AMBER Archive (2005)

Subject: RE: AMBER: Questions about sander.QMMM

From: Ross Walker (ross_at_rosswalker.co.uk)
Date: Fri Jan 07 2005 - 13:38:29 CST


Dear Jenk,

> 1) I was wondering if it is possible to run
> sander.QMMM using NOE restraints.

As far as I can tell it should be possible although I haven't tested it with
Amber 8.
 
> However, I encountered a problem when
> I tried to run sander.QMMD with the following
> 300K constant temp QMMM
> &cntrl
> imin=0, ntb=0, pencut=-0.001,
> cut=20, fcap=1.5,
> tempi=0, temp0=300.0,
> ntt=3, gamma_ln=10, vlimit=10,
> nstlim=1000, dt=0.001,
> ntpr=10, ntwx=10, nmropt=1,
> ifqt=1, nqt=12, idc=0,
> /
> 1 2 3 4 5 6 7 8 9 10 11 12 13 14 15
> 16 17 18 19 20 21 22 23 24 25 26 27
> 28 29 30 31 32 33 34 35 36 37 38 39
> 40 41 42 43 44 45 46 47 48 49 50 51
> 52

What is the nqt=12 flag?
This is your problem I suspect.

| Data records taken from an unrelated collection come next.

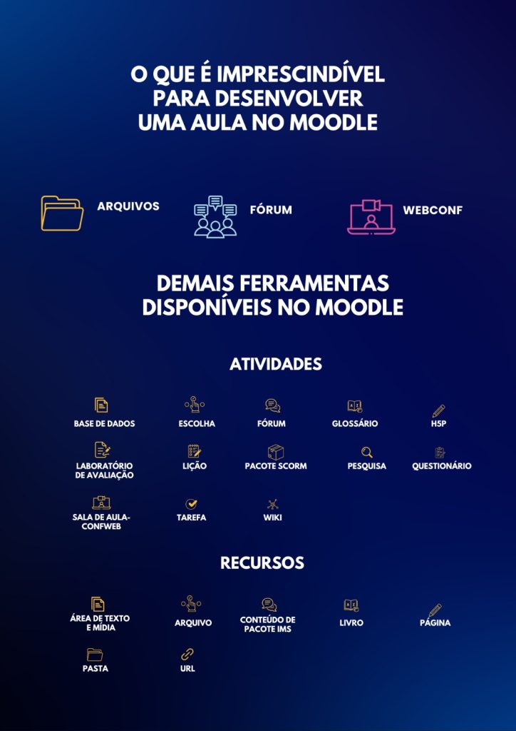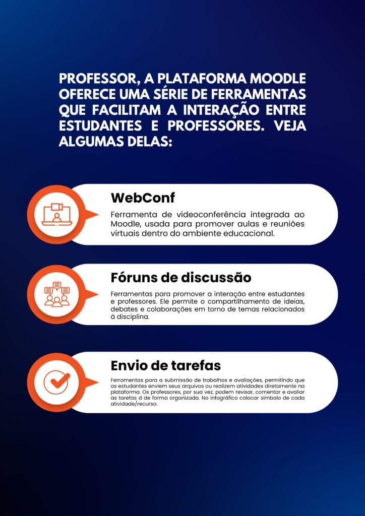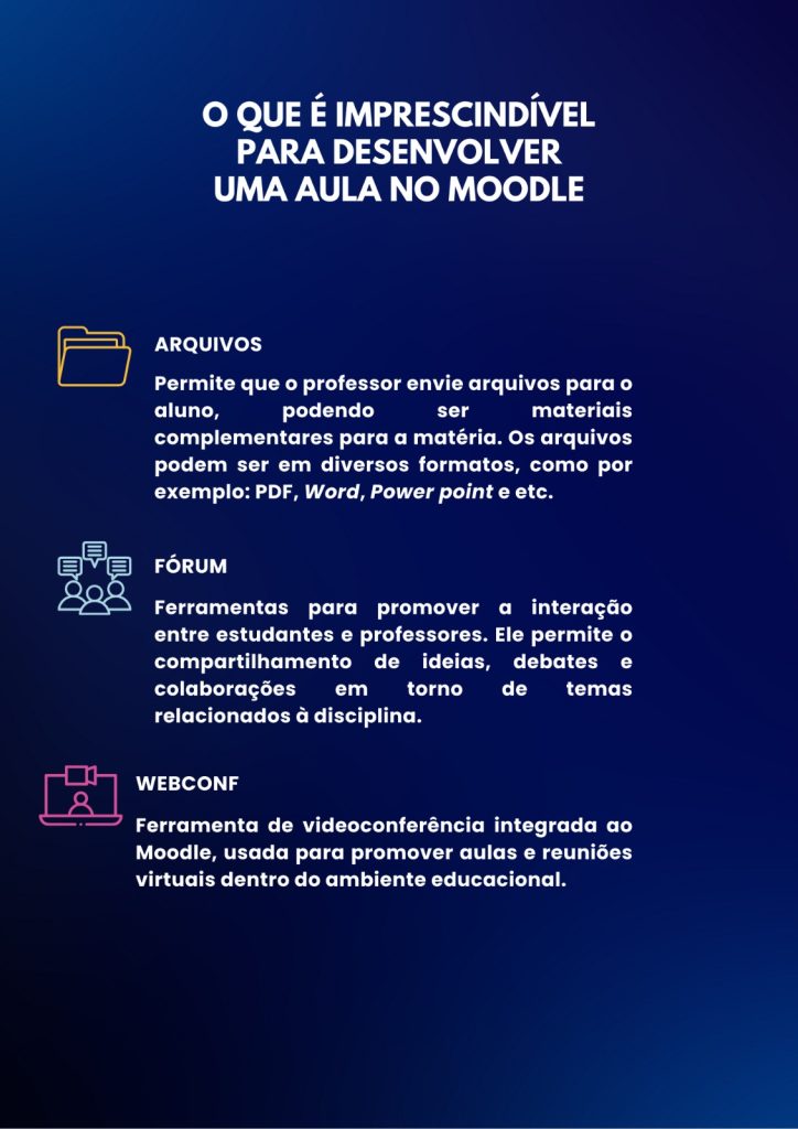 Explore as seções à esquerda para entender como acessar seus cursos, acionar os recursos de atividades das salas, agendar sessão de webconferência, lançar notas e muito mais. Este espaço foi criado para garantir que você tenha uma experiência de aprendizado tranquila e eficiente no Moodle.
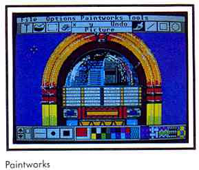 Paintworks's disk options enable Page, Screen and Clipboard files to be saved or retrieved in compressed or uncompressed formats, the latter being NEOchrome-compatible. Also of interest is Activision's Music Studio, which you can tie into Paintworks and create musical slideshows. (A review of The Music Studio appears elsewhere in this issue.)
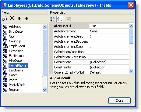- To observe how DataObjects for .NET maintains underlying structure on data modifications, try changing the EmployeeID field in the first row of C1TrueDBGrid1, the Customers grid, from 6 to 1. The FirstName and LastName fields, dependent on EmployeeID, change correspondingly. Now go to DataGridView1, the Employees grid, and change the LastName of the employee with EmployeeID=1. All rows of the Customers grid that have EmployeeID = 1 reflect this change, showing the new LastName value. Alternatively, you can change the LastName or FirstName field in the Customers grid and see the change reflected in the Employees grid. Whatever the changes, DataObjects for .NET recognizes them so you can rely on proper structure being maintained for your data at all times.
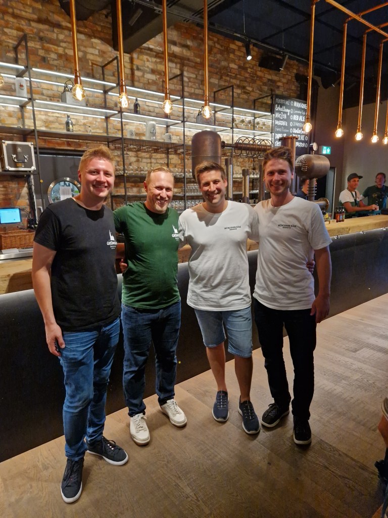 Durch den Abend leiteten Basti und Sebi vom Giesinger Bräu sowie Franz und Sebastian von der Münchner Käse Manufaktur. Beide Unternehmen verbindet, dass sie ihren Traum durch diverse Crowdfunding-Aktion verwirklichen konnten. Zudem spielt ein Standort in der bayerischen Hauptstadt für die Macher eine bedeutende Rolle. Giesinger Bräu hat es durch den eigenen Brunnen bereits geschafft. Doch auch die Käsemanufaktur eröffnet gegen Ende des Jahres ihre eigene Produktionsstätte in der Prinzregentenstraße und gilt dann als einzige ihrer Art in München. Aktuell produzieren die Jungunternehmer noch in kleinen Mengen in Landsberg, sodass für das Tasting auch drei Sorten von geschätzten Käsekollegen aus der Schweiz mit ins Spiel kamen.
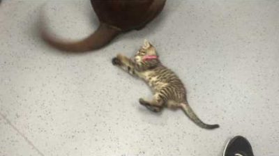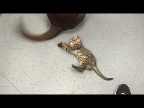 بلی کا بچہ ڈاگ ٹیل کے ساتھ کھیلتا ہے۔
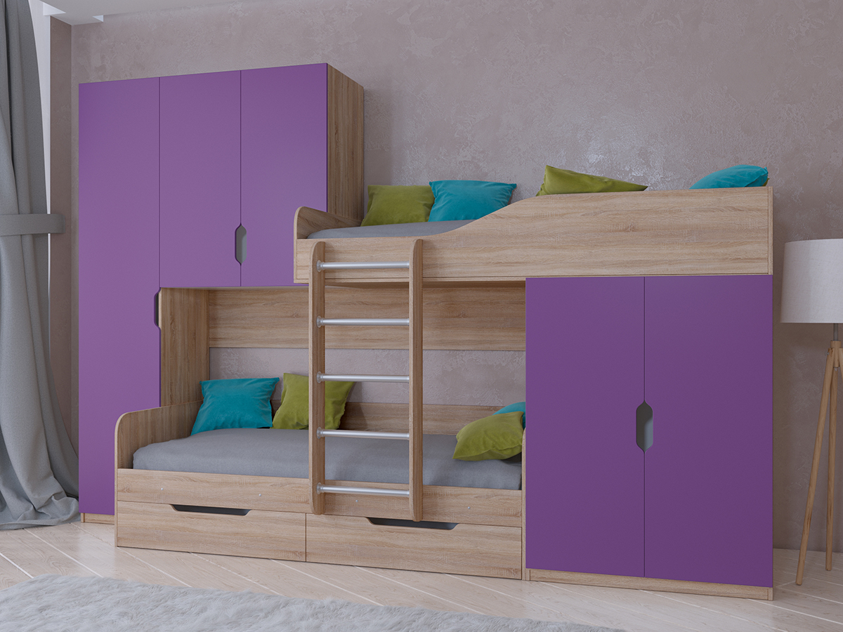 Отзывы о Столплит Кровать двухъярусная Лео Дуб Сонома Фиолетовый
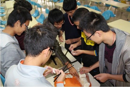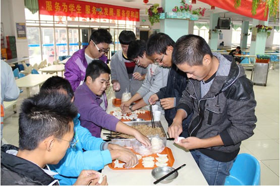 机务工程都是帅小伙,包饺子的功力丝毫不逊色于女生。左手托饺子皮,右手填馅,蘸水,封口……一板一眼,有模有样。辅导员也前来助阵,大显身手。大家兴致颇高,饺子的数量也在不断增加。不一会儿,各式各样的饺子充盈了桌子,包子形、飞碟形、菊花形……虽然饺子形状千奇百怪,但在笑声中,大家忘却了自己略显笨拙的手法,忘却了节日无法与家人团聚的失落,此时此刻,同学便是亲人,民航/飞行学院就是家!许多同学受到现场氛围的影响拿起电话,提醒父母立冬要吃饺子,告诉他们自己亲手包饺子的事,浓浓的感恩之情洋溢。
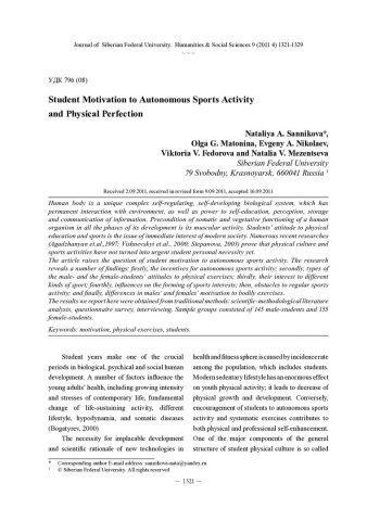 Student Motivation to Autonomous Sports Activity and Physical Perfectionстатья из журнала
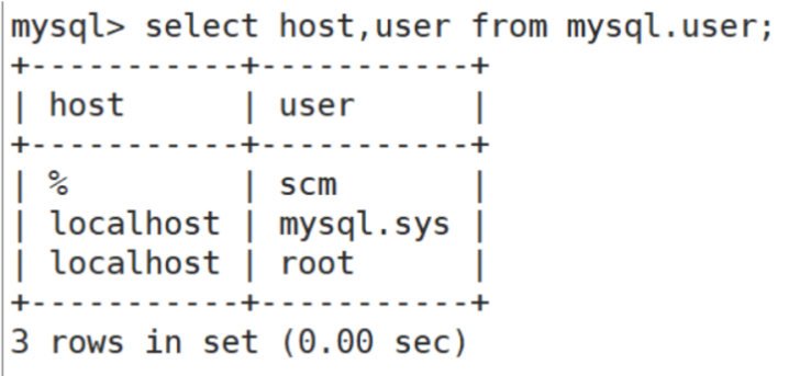 update mysql.user set host='%' where user='scm' and host='localhost';到cm server机器上远程登录这台mysql测试一下是否更改成功
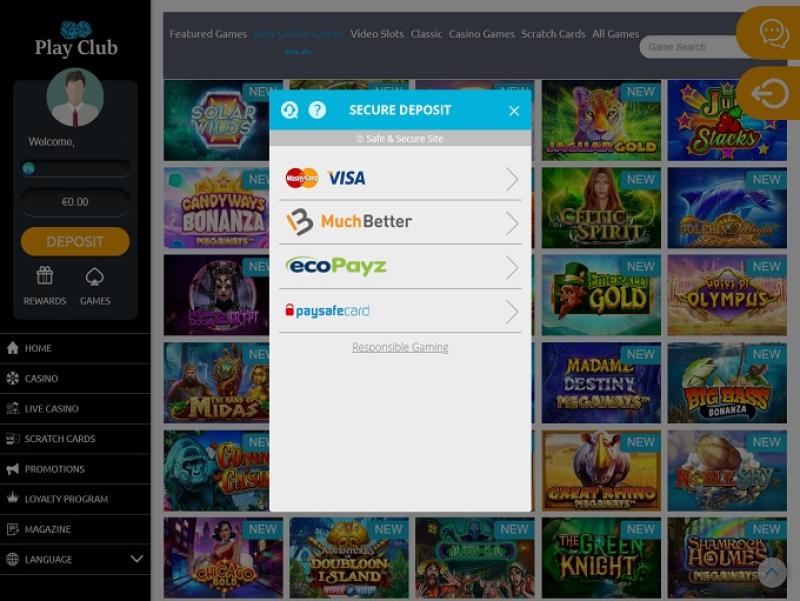下面您将看到 Play Club 的各种银行业务选项,包括存款和取款选择。
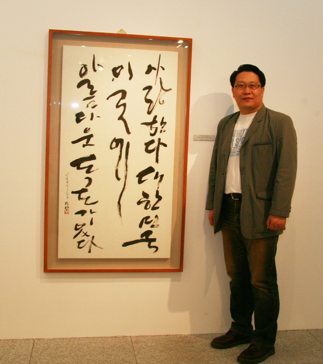 작품명. 왼쪽 '독도는 우리의 영토(嶺土)입니다. 오른쪽 "사랑한다 대한민국 이 곳에 아름다운 독도가 있다."

You have specified only 12 quantum atoms in
your second run. Although you still specify 52 numbers. Having 12 atoms in
your QM system the second time has changed the number of link atoms. Hence
when the code reads in the restrt file from your minimisation it doesn't
find enough link atoms and so gives you the error message you see below.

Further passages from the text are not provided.